Disclosure of Invention
The invention aims to overcome the defects of the prior art and provides a knowledge graph algorithm constructed based on academic documents, the knowledge graph information is complete, the knowledge graph can be effectively and efficiently updated, the correctness of data information is ensured, the invention is beneficial to quickly retrieving information from the academic documents, and the academic research work is facilitated.
In order to solve the technical problems, the invention provides the following technical scheme:
a knowledge graph algorithm constructed based on academic documents comprises the following steps:
s1, acquiring original data information;
s2, storing and processing the original data information;
s3, establishing a primary framework of the knowledge graph according to the processed original data information;
s4, updating knowledge through the primary framework of the knowledge graph;
s5, performing multiple operations on the S4 to realize multiple updates of the primary framework of the knowledge graph; s6, completing the establishment of a knowledge graph;
wherein, in S4, the knowledge update comprises the steps of:
s101, acquiring latest data information from a website as a reference entity;
s102, extracting an existing entity in the map as an existing entity;
s103, comparing the reference entity with the existing entity;
s104, if the comparison result in the S103 shows that the result is correct, taking the reference entity as the entity of the final standard; if the comparison result in S103 shows that the parts are the same, the reference entity is used as the entity of the final standard; if the comparison results in S103 show completely different, the reference entity and the existing entity are both sent to the server for manual judgment and review, and after manual review, the final standard entity is selected;
and S105, updating data information by the primary framework of the knowledge graph according to the entity of the final standard selected in the S104 to finish the knowledge updating process.
As a preferred embodiment of the present invention, in S1, the raw data includes: data information obtained by taking periodicals, papers, patents, encyclopedias and dictionaries as corpus sources is taken as original data; searching by taking a hot title on a social network site and a hot search word on a search engine as starting points to obtain data information, and taking the data information as original data; the information obtained on the state official network, the enterprise official network and the official network of other regular organizations is used as original data; the authority information obtained in each specialty and profession is used as the original data.

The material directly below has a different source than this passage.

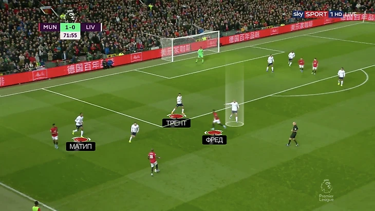 Ниже похожий эпизод трехлетней давности – только тут Тренту нужно страховать в центре защиты Жоэля Матипа (выдернулся во фланг). Важное отличие – здесь Тренту облегчает задачу партнер: Фабиньо не только передает ему Фреда, но и указывает рукой на бразильца. Трент даже здесь упустит соперника, потому что засмотрится на мяч: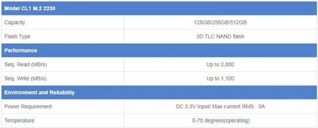 Но вернёмся к накопителям CL1. Они выполнены в формате M.2 2230 — габариты составляют 22 ? 30 мм. Применены микрочипы флеш-памяти 3D TLC NAND и контроллер Silicon Motion SM2263XT.

As a preferred technical solution of the present invention, in S2, the storing and processing of the original data information includes a data storage module, a model editing module, a concurrency control module, an authority control module, a data verification module, and an automatic construction module;
the data storage module is used for storing structured data, semi-structured data and unstructured data;
the model editing module is used for editing concepts, entities, attributes, hierarchical relationships and concept-entity relationships of the knowledge model;
the concurrency control module is used for carrying out concurrent editing on the data in the database system according to the transaction isolation level;
and the authority control module is used for verifying the login information of the user so as to control the authority of different editing layers.
As a preferred embodiment of the present invention, in S101, entities are extracted as follows:
s201, using named entity identification for the captured title, and extracting a named entity;
s202, acquiring an unidentified candidate entity word list from the title by using a word segmentation technology;
s203, performing part-of-speech tagging on the candidate entity words, screening out candidate words without practical meanings, then verifying whether the candidate words are entity words on an encyclopedia website, and taking the entity words and the extracted named entities as reference entities.
As a preferred technical solution of the present invention, in S103, a data verification processing module is included; and the data verification processing module is used for verifying the integrity and consistency of the entity, backing up and exporting data, and realizing entity identification and entity disambiguation.
As a preferable embodiment of the present invention, in S2, the data information is stored using a graph database.
Compared with the prior art, the invention has the following beneficial effects:
according to the invention, the construction and the updating of the knowledge graph are efficiently realized; firstly, acquiring data, storing and processing the data, and establishing a primary framework of a knowledge graph according to the existing data; and then, updating knowledge of the primary framework of the knowledge graph, thereby improving the primary accuracy and integrity of the knowledge graph.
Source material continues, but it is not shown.